(Records from a data collection)

⟨

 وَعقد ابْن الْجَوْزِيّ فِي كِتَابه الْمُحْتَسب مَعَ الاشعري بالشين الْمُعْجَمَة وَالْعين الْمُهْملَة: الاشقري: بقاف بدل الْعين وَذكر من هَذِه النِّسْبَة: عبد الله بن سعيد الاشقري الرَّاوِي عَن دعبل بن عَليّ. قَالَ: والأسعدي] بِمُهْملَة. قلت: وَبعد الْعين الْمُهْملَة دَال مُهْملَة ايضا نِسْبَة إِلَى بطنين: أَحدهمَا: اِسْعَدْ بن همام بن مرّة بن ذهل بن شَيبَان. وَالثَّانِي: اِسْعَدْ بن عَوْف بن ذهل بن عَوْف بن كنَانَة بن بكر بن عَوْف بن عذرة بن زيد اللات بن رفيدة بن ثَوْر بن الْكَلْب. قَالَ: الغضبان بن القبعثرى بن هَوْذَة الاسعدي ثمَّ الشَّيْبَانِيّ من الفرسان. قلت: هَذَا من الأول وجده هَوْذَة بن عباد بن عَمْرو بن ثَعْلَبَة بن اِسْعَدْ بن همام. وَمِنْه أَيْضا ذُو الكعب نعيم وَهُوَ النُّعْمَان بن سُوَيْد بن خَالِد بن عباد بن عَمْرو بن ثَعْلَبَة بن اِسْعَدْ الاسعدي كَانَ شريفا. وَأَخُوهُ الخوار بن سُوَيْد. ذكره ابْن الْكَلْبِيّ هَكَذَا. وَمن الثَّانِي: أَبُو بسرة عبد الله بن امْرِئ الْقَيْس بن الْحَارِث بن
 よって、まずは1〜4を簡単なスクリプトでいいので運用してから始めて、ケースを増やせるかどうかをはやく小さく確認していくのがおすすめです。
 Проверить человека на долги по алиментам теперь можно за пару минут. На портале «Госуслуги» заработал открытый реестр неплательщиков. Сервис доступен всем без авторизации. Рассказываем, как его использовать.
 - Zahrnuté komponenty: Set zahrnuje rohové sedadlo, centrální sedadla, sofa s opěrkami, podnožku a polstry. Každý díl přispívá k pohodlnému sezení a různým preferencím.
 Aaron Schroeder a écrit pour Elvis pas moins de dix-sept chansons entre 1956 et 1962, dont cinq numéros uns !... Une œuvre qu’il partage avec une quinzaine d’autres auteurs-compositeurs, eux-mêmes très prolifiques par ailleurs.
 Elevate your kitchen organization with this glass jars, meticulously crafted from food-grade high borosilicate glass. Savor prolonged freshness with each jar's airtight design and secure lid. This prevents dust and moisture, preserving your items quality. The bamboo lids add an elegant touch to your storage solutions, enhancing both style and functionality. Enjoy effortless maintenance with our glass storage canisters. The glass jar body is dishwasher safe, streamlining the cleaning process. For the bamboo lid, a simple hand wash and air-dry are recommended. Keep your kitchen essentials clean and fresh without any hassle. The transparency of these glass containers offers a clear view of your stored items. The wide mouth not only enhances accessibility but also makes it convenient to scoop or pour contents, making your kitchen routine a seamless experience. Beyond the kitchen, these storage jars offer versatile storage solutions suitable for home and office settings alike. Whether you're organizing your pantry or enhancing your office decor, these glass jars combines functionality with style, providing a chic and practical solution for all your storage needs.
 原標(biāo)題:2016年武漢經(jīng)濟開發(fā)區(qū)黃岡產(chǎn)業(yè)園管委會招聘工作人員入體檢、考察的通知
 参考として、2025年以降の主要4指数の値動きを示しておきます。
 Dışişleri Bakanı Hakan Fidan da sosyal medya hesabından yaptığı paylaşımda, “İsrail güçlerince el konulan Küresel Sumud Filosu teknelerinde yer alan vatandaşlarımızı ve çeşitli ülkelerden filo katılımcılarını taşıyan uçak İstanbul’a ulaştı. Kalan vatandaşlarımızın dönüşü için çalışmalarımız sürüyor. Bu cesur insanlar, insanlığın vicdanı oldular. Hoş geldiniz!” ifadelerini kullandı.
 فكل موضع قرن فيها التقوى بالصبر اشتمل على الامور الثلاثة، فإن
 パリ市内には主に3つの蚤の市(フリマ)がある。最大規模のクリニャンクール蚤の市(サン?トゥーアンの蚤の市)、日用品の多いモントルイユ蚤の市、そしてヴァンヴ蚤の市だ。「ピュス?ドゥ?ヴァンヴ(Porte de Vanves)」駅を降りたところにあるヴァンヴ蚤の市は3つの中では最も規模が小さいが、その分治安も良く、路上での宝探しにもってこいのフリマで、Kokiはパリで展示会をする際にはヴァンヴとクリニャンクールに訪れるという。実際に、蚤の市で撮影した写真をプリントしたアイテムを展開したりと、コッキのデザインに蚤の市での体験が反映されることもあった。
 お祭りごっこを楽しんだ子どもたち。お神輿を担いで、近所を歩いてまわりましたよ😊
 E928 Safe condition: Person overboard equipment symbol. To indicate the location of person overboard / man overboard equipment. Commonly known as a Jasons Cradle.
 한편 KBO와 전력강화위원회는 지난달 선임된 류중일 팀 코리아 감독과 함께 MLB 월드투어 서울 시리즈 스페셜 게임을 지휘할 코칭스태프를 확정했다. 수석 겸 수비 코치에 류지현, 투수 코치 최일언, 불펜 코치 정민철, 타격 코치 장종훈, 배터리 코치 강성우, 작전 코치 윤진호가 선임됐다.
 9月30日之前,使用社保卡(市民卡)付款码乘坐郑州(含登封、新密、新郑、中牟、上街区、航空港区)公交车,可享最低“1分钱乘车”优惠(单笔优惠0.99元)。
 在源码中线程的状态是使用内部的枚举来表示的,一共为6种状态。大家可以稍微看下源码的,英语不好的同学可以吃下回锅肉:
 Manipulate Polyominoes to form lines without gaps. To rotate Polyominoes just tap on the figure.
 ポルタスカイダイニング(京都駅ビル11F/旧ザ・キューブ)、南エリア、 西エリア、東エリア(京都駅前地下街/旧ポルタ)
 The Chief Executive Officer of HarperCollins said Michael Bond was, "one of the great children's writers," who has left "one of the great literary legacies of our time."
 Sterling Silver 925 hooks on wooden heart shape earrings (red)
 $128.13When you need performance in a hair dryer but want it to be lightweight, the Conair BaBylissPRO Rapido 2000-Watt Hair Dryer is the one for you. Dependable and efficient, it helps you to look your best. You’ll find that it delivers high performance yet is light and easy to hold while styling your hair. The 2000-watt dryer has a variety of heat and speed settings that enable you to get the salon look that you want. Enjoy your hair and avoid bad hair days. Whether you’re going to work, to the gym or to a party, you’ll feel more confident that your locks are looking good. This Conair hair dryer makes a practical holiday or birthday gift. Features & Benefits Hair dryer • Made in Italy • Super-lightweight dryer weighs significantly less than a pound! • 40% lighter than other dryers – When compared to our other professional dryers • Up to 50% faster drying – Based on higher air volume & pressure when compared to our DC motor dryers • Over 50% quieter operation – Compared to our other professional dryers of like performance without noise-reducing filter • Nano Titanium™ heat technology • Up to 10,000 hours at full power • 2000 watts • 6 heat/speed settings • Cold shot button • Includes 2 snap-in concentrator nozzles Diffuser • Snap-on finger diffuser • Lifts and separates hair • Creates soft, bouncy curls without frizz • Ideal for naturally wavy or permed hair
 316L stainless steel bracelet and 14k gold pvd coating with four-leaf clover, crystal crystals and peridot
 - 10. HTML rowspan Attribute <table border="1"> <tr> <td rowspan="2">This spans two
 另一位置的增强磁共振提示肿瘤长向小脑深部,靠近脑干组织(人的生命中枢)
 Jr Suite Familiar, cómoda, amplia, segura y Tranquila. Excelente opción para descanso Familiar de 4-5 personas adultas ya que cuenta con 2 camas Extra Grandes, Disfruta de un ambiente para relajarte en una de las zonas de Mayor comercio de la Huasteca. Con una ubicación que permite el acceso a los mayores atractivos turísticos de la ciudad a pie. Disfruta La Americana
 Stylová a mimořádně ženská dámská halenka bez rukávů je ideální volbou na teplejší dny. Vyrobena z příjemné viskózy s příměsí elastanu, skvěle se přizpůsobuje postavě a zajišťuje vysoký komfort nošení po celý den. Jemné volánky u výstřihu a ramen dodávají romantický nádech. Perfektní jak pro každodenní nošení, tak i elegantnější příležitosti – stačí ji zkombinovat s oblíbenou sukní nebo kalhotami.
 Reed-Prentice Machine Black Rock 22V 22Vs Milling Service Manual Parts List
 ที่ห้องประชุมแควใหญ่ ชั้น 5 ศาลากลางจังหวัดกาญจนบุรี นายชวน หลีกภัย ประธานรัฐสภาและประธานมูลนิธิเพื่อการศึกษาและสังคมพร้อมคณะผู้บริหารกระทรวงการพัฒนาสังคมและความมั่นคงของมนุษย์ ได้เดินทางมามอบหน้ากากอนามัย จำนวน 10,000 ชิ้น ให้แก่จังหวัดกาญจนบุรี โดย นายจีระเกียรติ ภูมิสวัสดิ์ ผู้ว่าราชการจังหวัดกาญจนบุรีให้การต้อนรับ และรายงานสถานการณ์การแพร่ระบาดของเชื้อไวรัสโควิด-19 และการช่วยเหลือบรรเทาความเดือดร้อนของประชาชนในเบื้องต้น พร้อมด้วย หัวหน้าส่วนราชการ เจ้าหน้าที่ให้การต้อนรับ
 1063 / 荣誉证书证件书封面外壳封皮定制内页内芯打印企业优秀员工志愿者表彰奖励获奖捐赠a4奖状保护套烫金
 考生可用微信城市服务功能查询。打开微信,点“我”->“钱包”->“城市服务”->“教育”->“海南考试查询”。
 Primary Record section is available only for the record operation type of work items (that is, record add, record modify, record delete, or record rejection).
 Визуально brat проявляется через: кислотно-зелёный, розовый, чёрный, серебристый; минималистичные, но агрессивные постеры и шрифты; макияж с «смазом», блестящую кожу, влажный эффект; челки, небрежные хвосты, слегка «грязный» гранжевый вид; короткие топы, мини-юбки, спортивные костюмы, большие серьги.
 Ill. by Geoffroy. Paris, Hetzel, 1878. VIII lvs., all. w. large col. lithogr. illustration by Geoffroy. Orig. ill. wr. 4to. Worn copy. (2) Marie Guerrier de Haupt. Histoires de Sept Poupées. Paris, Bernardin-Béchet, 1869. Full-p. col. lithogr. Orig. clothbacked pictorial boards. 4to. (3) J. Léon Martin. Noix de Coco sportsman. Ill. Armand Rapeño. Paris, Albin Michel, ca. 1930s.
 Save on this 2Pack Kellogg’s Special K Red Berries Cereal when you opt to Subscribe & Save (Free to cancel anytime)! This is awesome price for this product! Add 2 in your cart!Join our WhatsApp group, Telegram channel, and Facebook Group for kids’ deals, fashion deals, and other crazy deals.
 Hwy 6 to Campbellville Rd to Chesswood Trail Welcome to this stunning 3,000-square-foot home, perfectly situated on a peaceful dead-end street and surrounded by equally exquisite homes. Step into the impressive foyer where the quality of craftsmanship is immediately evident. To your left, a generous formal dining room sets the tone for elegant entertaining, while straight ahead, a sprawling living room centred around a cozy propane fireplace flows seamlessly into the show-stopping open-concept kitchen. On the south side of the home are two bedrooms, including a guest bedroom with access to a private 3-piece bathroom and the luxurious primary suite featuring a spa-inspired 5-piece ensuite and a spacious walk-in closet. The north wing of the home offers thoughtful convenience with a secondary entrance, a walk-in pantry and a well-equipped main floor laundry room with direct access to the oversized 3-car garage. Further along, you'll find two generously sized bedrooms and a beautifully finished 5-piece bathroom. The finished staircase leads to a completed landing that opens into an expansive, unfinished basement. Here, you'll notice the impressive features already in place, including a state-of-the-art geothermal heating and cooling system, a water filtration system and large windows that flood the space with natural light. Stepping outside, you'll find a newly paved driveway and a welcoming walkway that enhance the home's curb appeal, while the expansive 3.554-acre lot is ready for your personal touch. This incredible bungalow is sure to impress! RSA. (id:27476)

⟩

### YOUR ASSIGNMENT
Take the line above containing "Dışişleri Bakanı Hakan", the line containing "한편 KBO와 전력강화위원회는", and all lines in between, and copy them exactly without anything else.

### EXPECTED OUTPUT
 Dışişleri Bakanı Hakan Fidan da sosyal medya hesabından yaptığı paylaşımda, “İsrail güçlerince el konulan Küresel Sumud Filosu teknelerinde yer alan vatandaşlarımızı ve çeşitli ülkelerden filo katılımcılarını taşıyan uçak İstanbul’a ulaştı. Kalan vatandaşlarımızın dönüşü için çalışmalarımız sürüyor. Bu cesur insanlar, insanlığın vicdanı oldular. Hoş geldiniz!” ifadelerini kullandı.
 فكل موضع قرن فيها التقوى بالصبر اشتمل على الامور الثلاثة، فإن
 パリ市内には主に3つの蚤の市(フリマ)がある。最大規模のクリニャンクール蚤の市(サン?トゥーアンの蚤の市)、日用品の多いモントルイユ蚤の市、そしてヴァンヴ蚤の市だ。「ピュス?ドゥ?ヴァンヴ(Porte de Vanves)」駅を降りたところにあるヴァンヴ蚤の市は3つの中では最も規模が小さいが、その分治安も良く、路上での宝探しにもってこいのフリマで、Kokiはパリで展示会をする際にはヴァンヴとクリニャンクールに訪れるという。実際に、蚤の市で撮影した写真をプリントしたアイテムを展開したりと、コッキのデザインに蚤の市での体験が反映されることもあった。
 お祭りごっこを楽しんだ子どもたち。お神輿を担いで、近所を歩いてまわりましたよ😊
 E928 Safe condition: Person overboard equipment symbol. To indicate the location of person overboard / man overboard equipment. Commonly known as a Jasons Cradle.
 한편 KBO와 전력강화위원회는 지난달 선임된 류중일 팀 코리아 감독과 함께 MLB 월드투어 서울 시리즈 스페셜 게임을 지휘할 코칭스태프를 확정했다. 수석 겸 수비 코치에 류지현, 투수 코치 최일언, 불펜 코치 정민철, 타격 코치 장종훈, 배터리 코치 강성우, 작전 코치 윤진호가 선임됐다.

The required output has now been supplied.